For years, Japanese corporations were said to derive their strength from frontline operations. Toyota’s constant improvements to its factories were essential to its ability to keep on producing high-quality vehicles efficiently, while Sony product development was crucial to the company’s ability to come up with a long succession of ground-breaking new devices.
But it has been apparent for some time now that this frontline strength is on the wane. Sony has not come up with a new hit for years.
An even more serious problem is that the business model that sustained these companies for so long, based on using frontline prowess to create high-quality products, seems to have hit a wall.

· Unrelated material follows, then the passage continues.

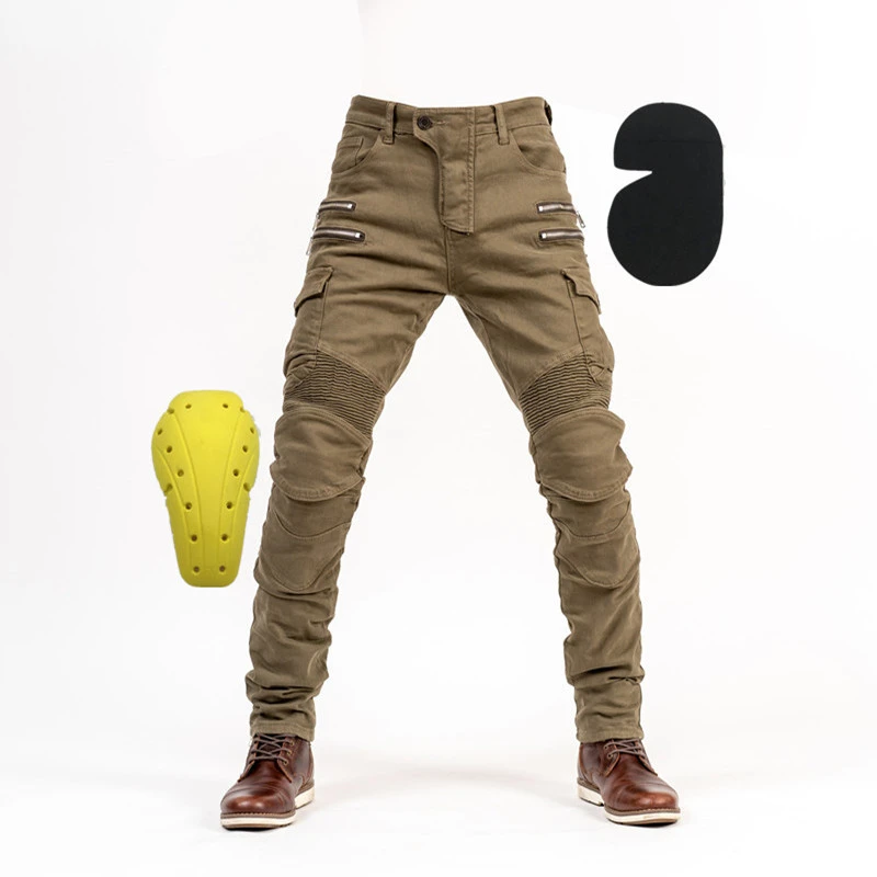 Pantalones vaqueros para montar en motocicleta para hombre, pantalón con múltiples bolsillos y rodilleras, informal, sólido, a la moda, novedad

When sales of flat-screen digital televisions first took off around 2004 or 2005, the televisions were priced at around ¥10,000 per screen inch. Today, there are products with a per-inch price as low as ¥1,000. Swept along by the wave of digitalization, prices have plummeted far faster than they ever did in the analog era.
On top of this, it is harder for companies to improve quality by tweaking the production process. This can be inferred from the opposite approach taken by Apple, whose popular music players and smart phones incorporate parts made by numerous suppliers.
Japanese corporations are unable to cope with falling prices and have no clue how to take advantage of their own strengths. Struggling to compete in overseas markets with nimbler rivals like South Korea’s Samsung, their business results have collapsed.
With markets stagnant in the leading industrialized economies, the main areas of growth are the newly emerging markets of China and India, with their burgeoning middle-classes. As yet, however, consumers in these new markets do not enjoy anything like the same purchasing power as their counterparts in the more developed economies. For electronics manufacturers and other Japanese corporations that have built their success on producing high-quality goods that sold well despite their higher prices, this situation demands an urgent rethink.
Back in April 2003, the Nikkei average plunged to around 7,600. This collapse, dubbed the “Sony Shock” because it was sparked by the downward revision in Sony’s anticipated business results, coincided with the first stirrings of digitalization and the growth of emerging markets. Today, almost nine years later, Japanese corporations are still struggling to deal with the implications of this seismic shift.
By Kenichi Maruyama
Kenichi Maruyama is an economist with Oyodo Investments and also a professor of economics at Tokyo University.